_What to do:_ Return the listing below exactly, with the pictures dropped.

_Dataset excerpt:_
::::::::
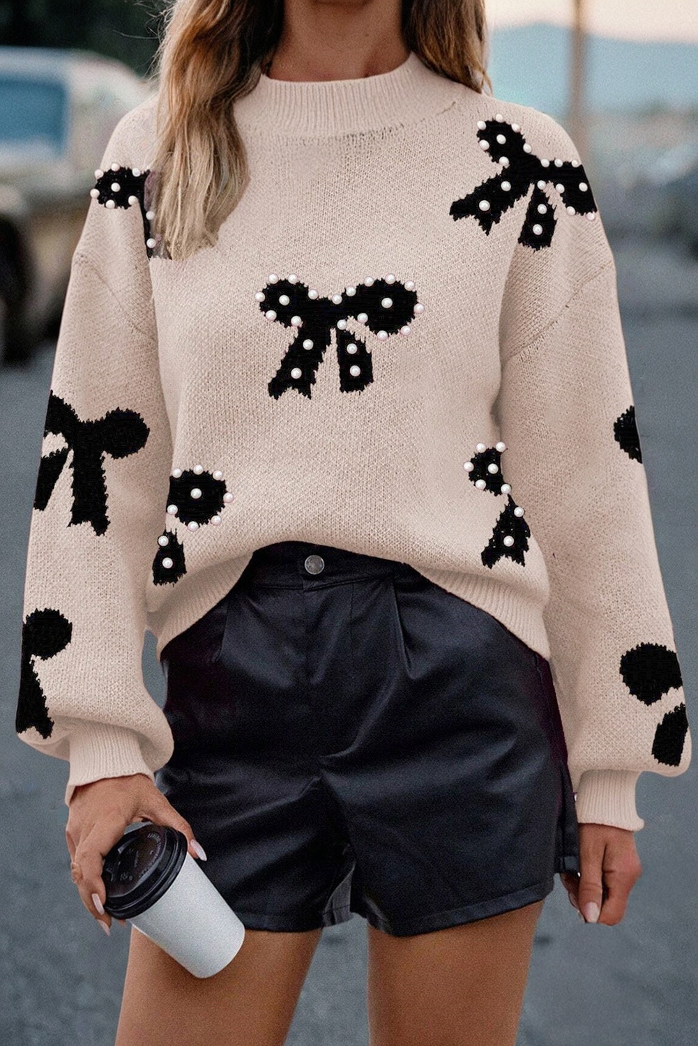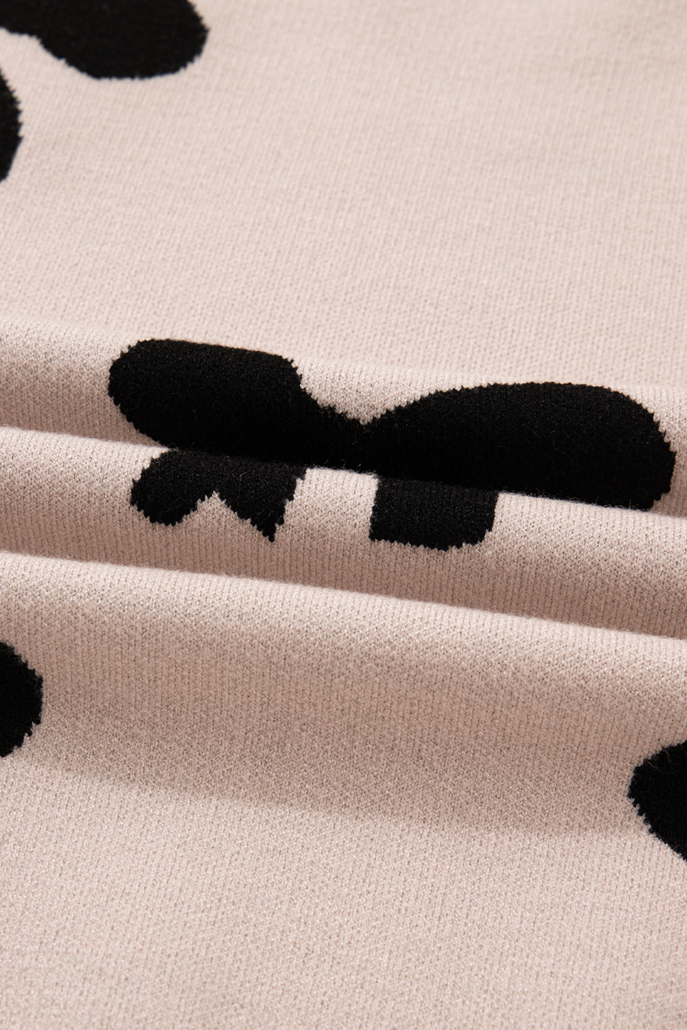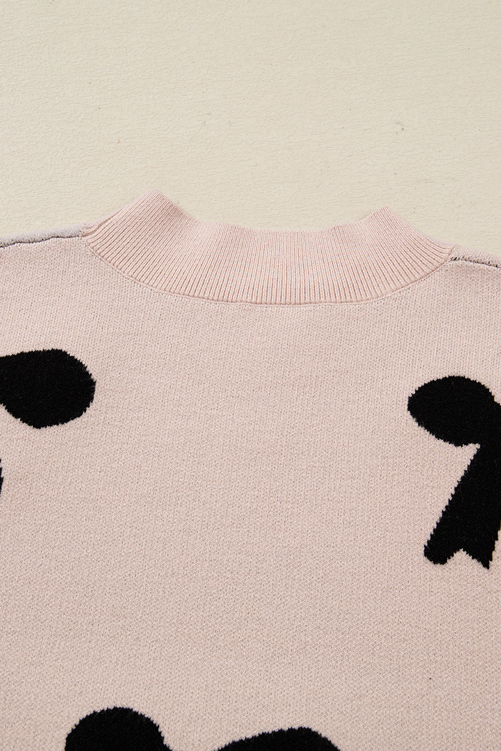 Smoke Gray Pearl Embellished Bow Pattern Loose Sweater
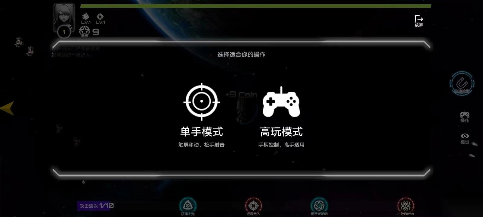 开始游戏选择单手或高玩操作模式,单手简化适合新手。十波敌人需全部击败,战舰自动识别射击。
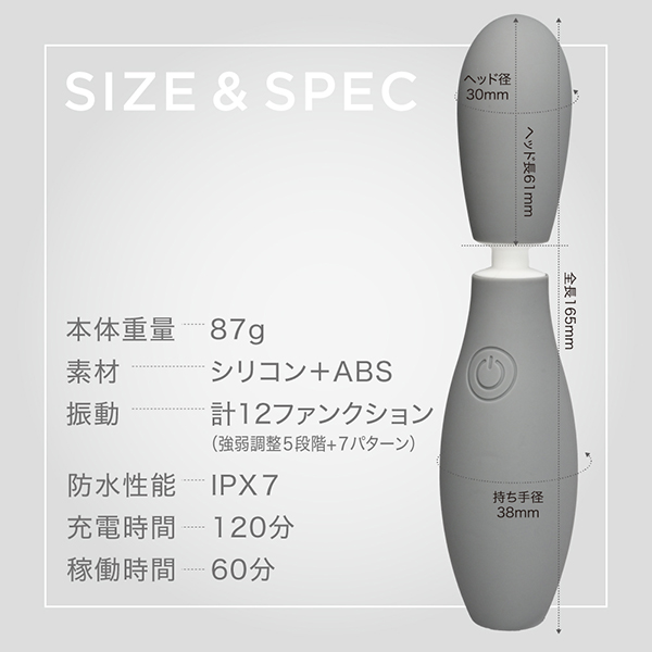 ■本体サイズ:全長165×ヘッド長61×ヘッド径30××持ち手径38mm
::::::::
_Expected answer:_
 Smoke Gray Pearl Embellished Bow Pattern Loose Sweater
 开始游戏选择单手或高玩操作模式,单手简化适合新手。十波敌人需全部击败,战舰自动识别射击。
 ■本体サイズ:全長165×ヘッド長61×ヘッド径30××持ち手径38mm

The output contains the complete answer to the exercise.